June 11, 2018

Why I Do Not Take the “New Atheism” Seriously: “Flying Spaghetti Monsters,” Orbiting Tea Pots, and Invisible Pink Unicorns

Filed under: Metaphysics,Philosophy,The New Atheism,Theodicy — William Witt @ 6:23 am

Melancholy One of the reasons that I do not take the “New Atheism” seriously is that they do not know what they are talking about when they say that they do not believe that there is such “a being” as God. In any intelligent disagreement it is important that both sides understand each other’s position well enough that they can at least agree on what the disagreement is about. Suppose that I were having a disagreement with a contemporary scientist in which I claimed that I did not believe in the scientific discipline of “Physics,” and that I defended my position by arguing that there is no good evidence for the existence of “phlogiston,” or that I found the ancient Greek philosopher Thales’ claim that all reality is composed of the substance of water to be empirically falsifiable, or that I disagreed with Aristotle in his book entitled Physics that everything in the sublunar sphere is composed of the four elements of earth, air, fire and water, and that everything in the heavens is made of a fifth element called “aether.” If the scientist were very patient, he might well explain that phlogiston is a long discredited scientific theory and that the modern scientific discipline of physics is not at all the same thing as what ancient Greek philosophers meant by “physics.” If, however, I continued to make objections against “phlogiston” or claims about physical reality being composed of the elements of “earth” “air,” “fire,” and “water,” the scientist at some point would likely throw up his hands in exasperation because I clearly did not know what I was talking about when I used the word “Physics.”

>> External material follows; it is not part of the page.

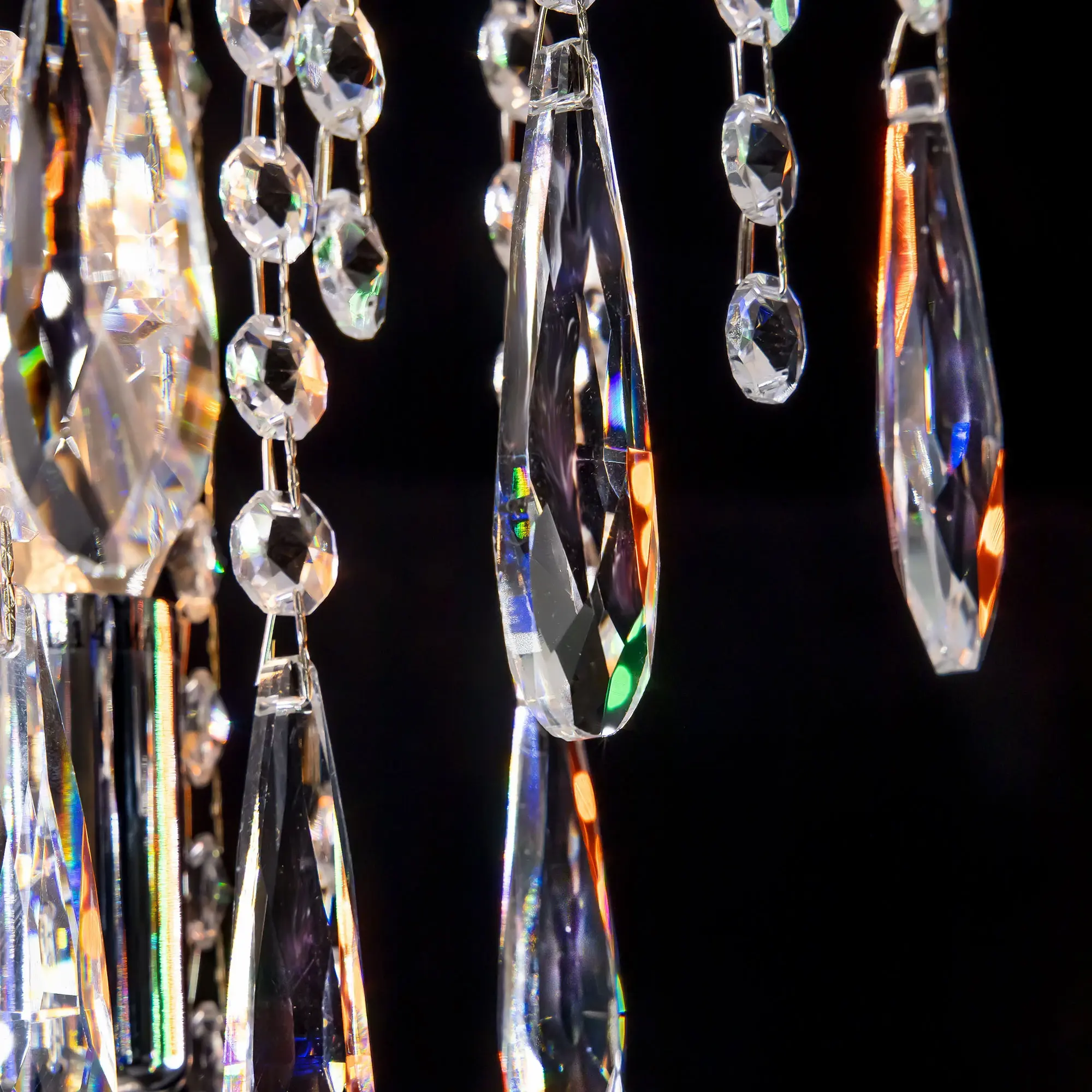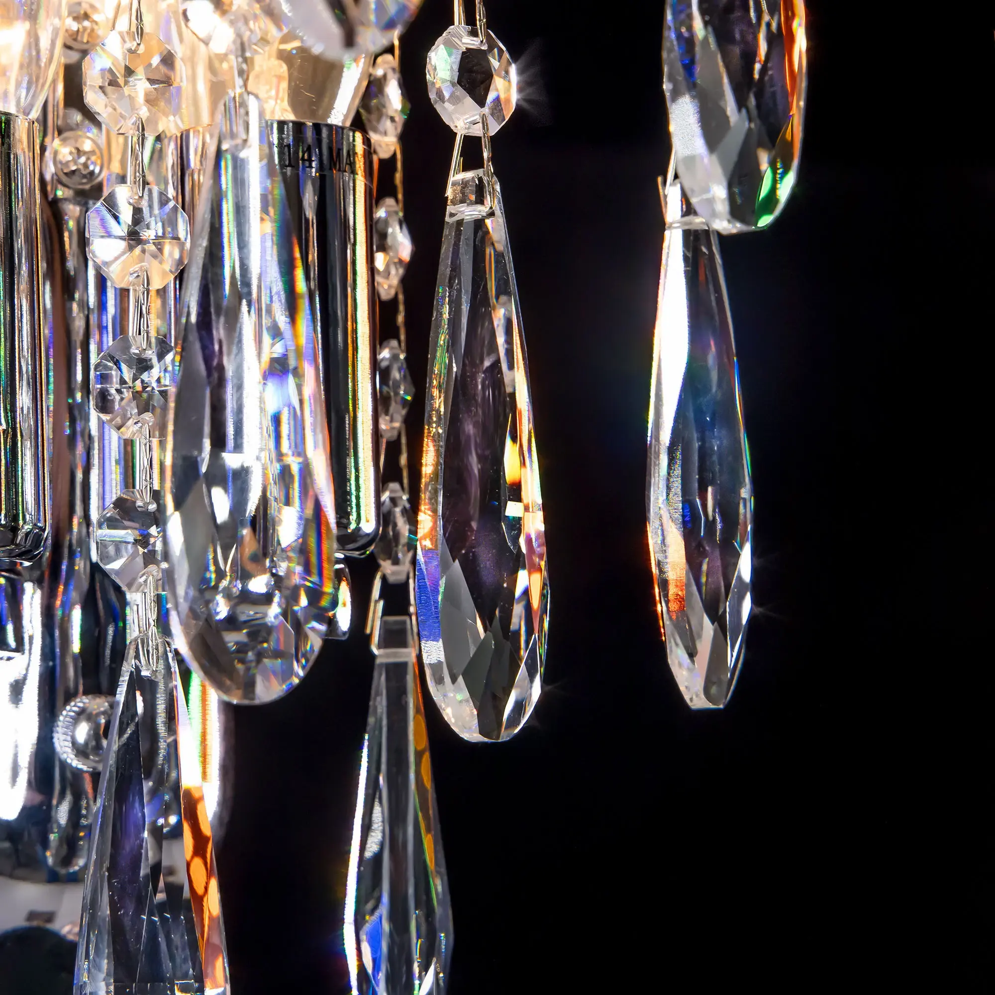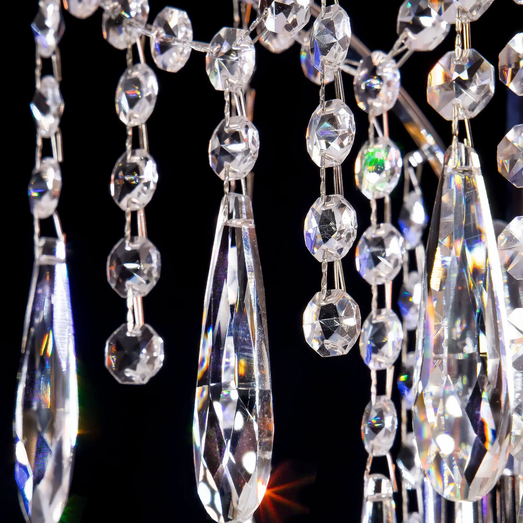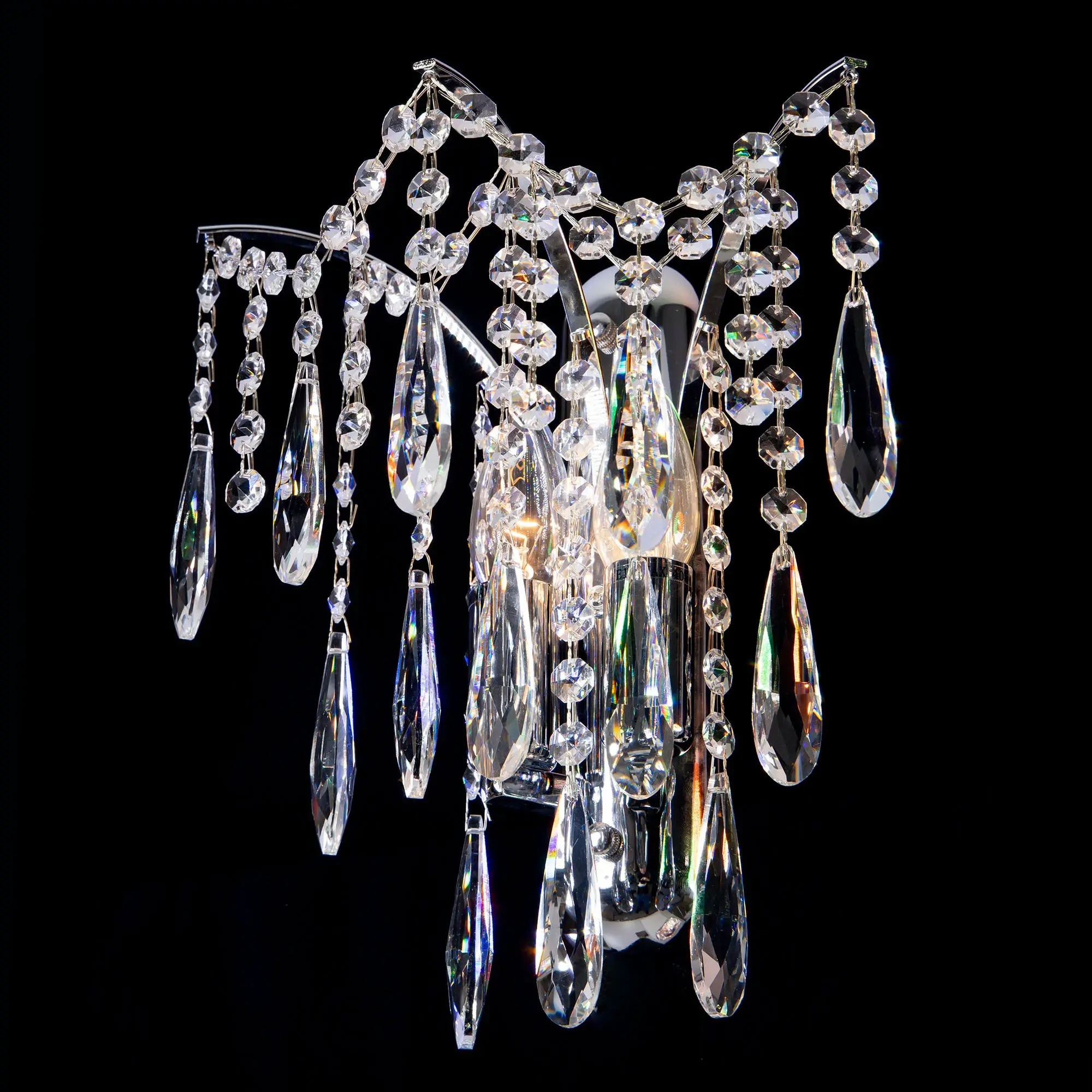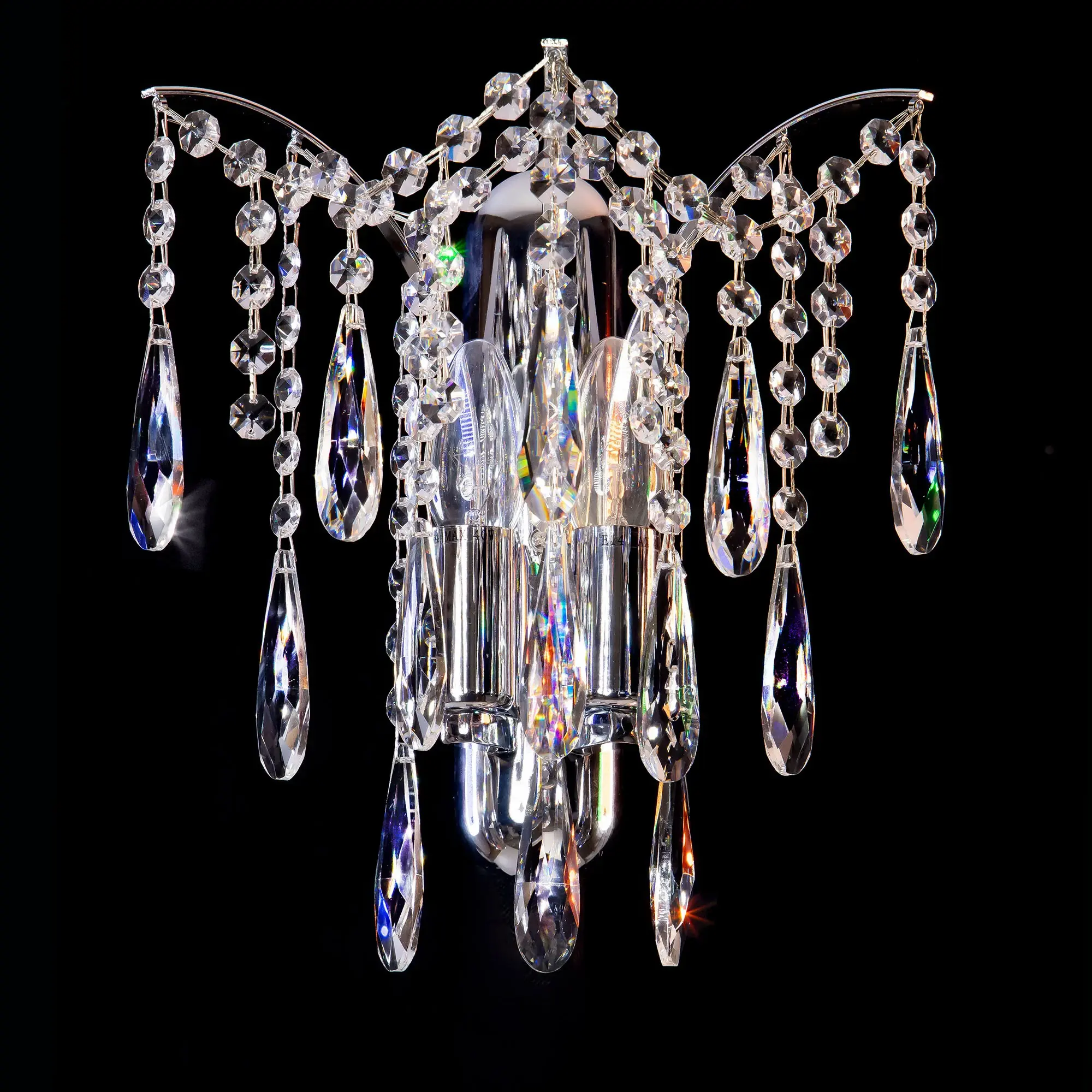 Хрустальный настенный светильник Citilux Селена CL302320 выполнен в классическом стиле. Корпус бра хромированный, металлический. Модель украшена прозрачными хрустальными подвесками с классической огранкой. В изделии используются две лампы с цоколем Е14 и максимальной мощностью для ламп накаливания 40Вт. Светодиодные лампы можно использовать более яркие. Тип крепления – планка.

The New Atheists (and their followers) continue to use arguments that show that they simply do not know what they are talking about when they use the word “God.” This can be shown by the repeated use of a number of tropes that compare belief in the existence of God to belief in things like “The Flying Spaghetti Monster,” Bertrand Russell’s “orbiting tea pot,” “Invisible Pink Unicorns,” or “imaginary friends.” A variation on the same trope would be Richard Dawkins’ argument in his book The God Delusion against the claim that the possibility of life coming into existence on earth would be equivalent to claiming that a hurricane sweeping through a scrap yard could assemble a Boeing 747 aircraft. Dawkins responded that any being that could create a 747 would have to be “more complicated” than a 747. So if an entity existed that could create the universe, this entity would have to be even more complicated than the universe, and so its existence would be even more statistically improbable than the existence of the universe itself.